Model: Image; Manufacturer; Year built; Years in service; Number Made; Fleet numbers (Before 1996); Fleet numbers (After 1996); Notes
DK6: CRRC Changchun Railway Vehicles; 1979; 1984–2008; 4; 501; T1193–T1194; Cars T1193–T1194 were linked with DK19 cars T1191–T1192 and T1195–T1196 in 1996.
DK8: 1982; 52; 401–413; T101–T104, T106–T108, T1093–T1094, T3023, T3024, T304; Some cars were retrofitted with GTO chopper controls.
DK9: 1983; 4; 502; T1191–T1192, T1195–T1196; Linked with DK6 cars T1193–T1194 in 1996.
DK16: 1987–1989; 1987–2009; 115; 430–441, 4421–4423; T1091–T1092, T1095–T1096, T110–T118, T120–T122, T124–T127, T1281–T1285, T3021–T3022, T3025–T3026, T303; Several cars were retrofitted with GTO chopper controls.
DK19: 1989; 1989–2008; 1; 4424; T1286; Linked with DK16 cars T1281–T1285.

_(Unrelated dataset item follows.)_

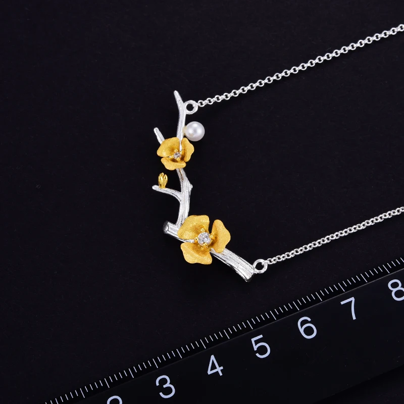 Special Offer Lotus zabawy prawdziwe 925 Sterling Silver Handmade projektant biżuterii Delicated kwiat śliwy naszyjnik kwiatowy z łańcucha dla kobiet Discount 52% Today!

DKZ1: 1987; 1987–1998; 3; 701; Unknown; Transferred to line 13 in 2002.
BD1: Beijing Subway Rolling Stock Equipment; 1990–1992; 1994–2008; 24; 308–311; T129–T132
BD11: 2000; 2004; 12; —N/a; T305–T306
M: Tokyu Car Corporation; 1984; 1984–1995; 3; —N/a; Transferred to line 13 in 2002.